Posted: Tue Nov 03, 2020 6:02 pm
by Nikku4211
Pokun wrote: Tue Nov 03, 2020 5:22 pm HD, wide-screen, high resolution, bazillions of memory... Fancy stuff which none of makes the games any better on their own. The SNES hardware has the capabilities of making games comparable to modern 2D games, graphically and mechanically. "Comparable" doesn't mean that the games must look exactly like the modern games, only that they don't have that retro look. Yoshi Island is a good example (although you might argue it's not purely SNES hardware since it's a GSU-2 game).
SNES games kind of do have the retro look in my opinion. As long as you can still see the pixels, and as long as there is no anti-aliasing at all, it looks retro.
And even if they don't look retro, they don't look modern either. It's not a dichotomy, it's a spectrum, and the SNES falls in its middle.

Even if the average non-retro gamer isn't actively looking for these things, they will definitely notice them.

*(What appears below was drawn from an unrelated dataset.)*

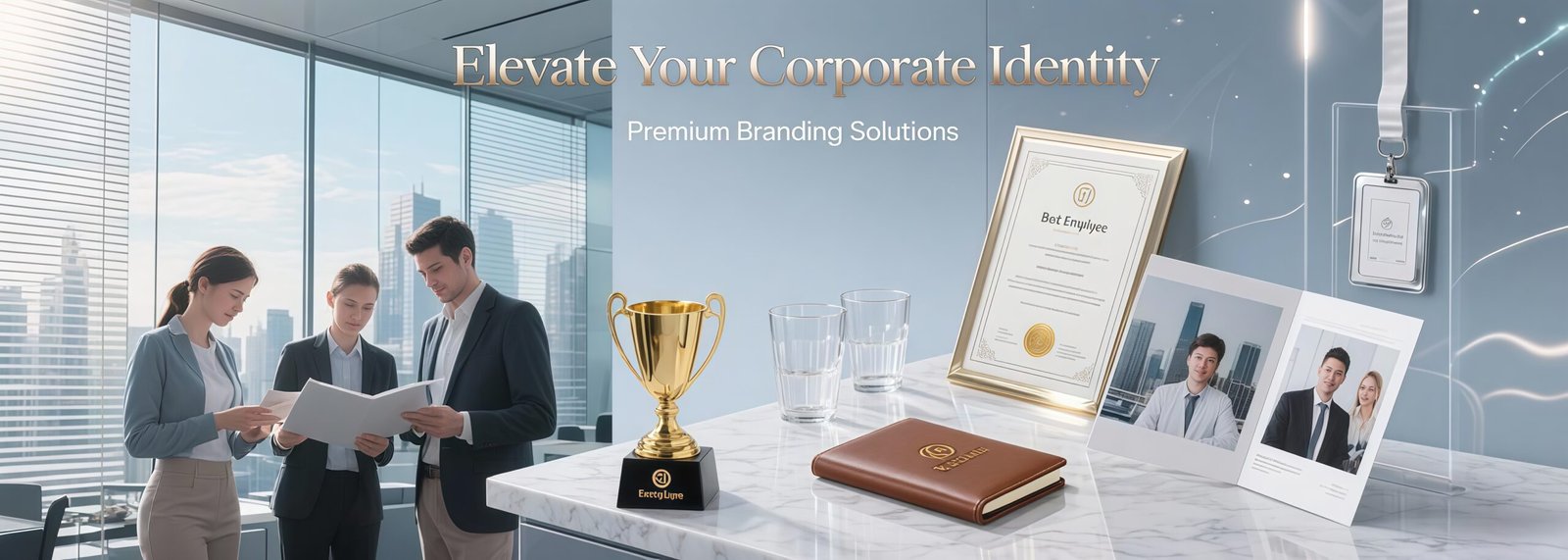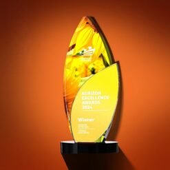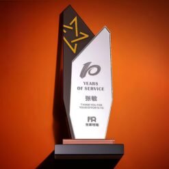 The trophy can be customized with text and is made of artificial crystal and mirrored glass

Sure, the games can still be fun regardless of what they look like(which makes whether the games are visually comparable to modern games or not irrelevant), but the low resolutions can make it harder for them to get into the games.

Most of Yoshi's Island's aesthetic technically has nothing to do with the GSU-2. Yes, it does look timeless, but even then, your average gamer probably doesn't just want 'timeless', they want something that looks 100% 'modern' so that they can feel like they can fit in with other people when playing this game.

Re: Are High SNES Homebrew Expectations Justified?

Posted: Tue Nov 03, 2020 6:06 pm
by strat
From what I know about programming gaming consoles, GBA is probably the easiest - more tools to aid in asset creation, devkitPro abstracts away all the start-up code you'd have to write (though I made a simple text demo all in Arm from scratch) and it's basically a much more streamlined SNES with most features available in some equivalent form (except the priority-per-tile deal - you can only set priority for the whole BG) plus affine transformations available for sprites. It might be a good alternative for someone who wants to do SNES homebrew without 65816, unless the lower resolution and sample quality are deal breakers.

Re: Are High SNES Homebrew Expectations Justified?

Posted: Tue Nov 03, 2020 6:08 pm
by Pokun
Well what you call retro is a matter of opinion. I guess the SNES do have the typical 16-bit look, and it's definitely no Neo Geo which kind of symbolizes the peak of 2D game graphics.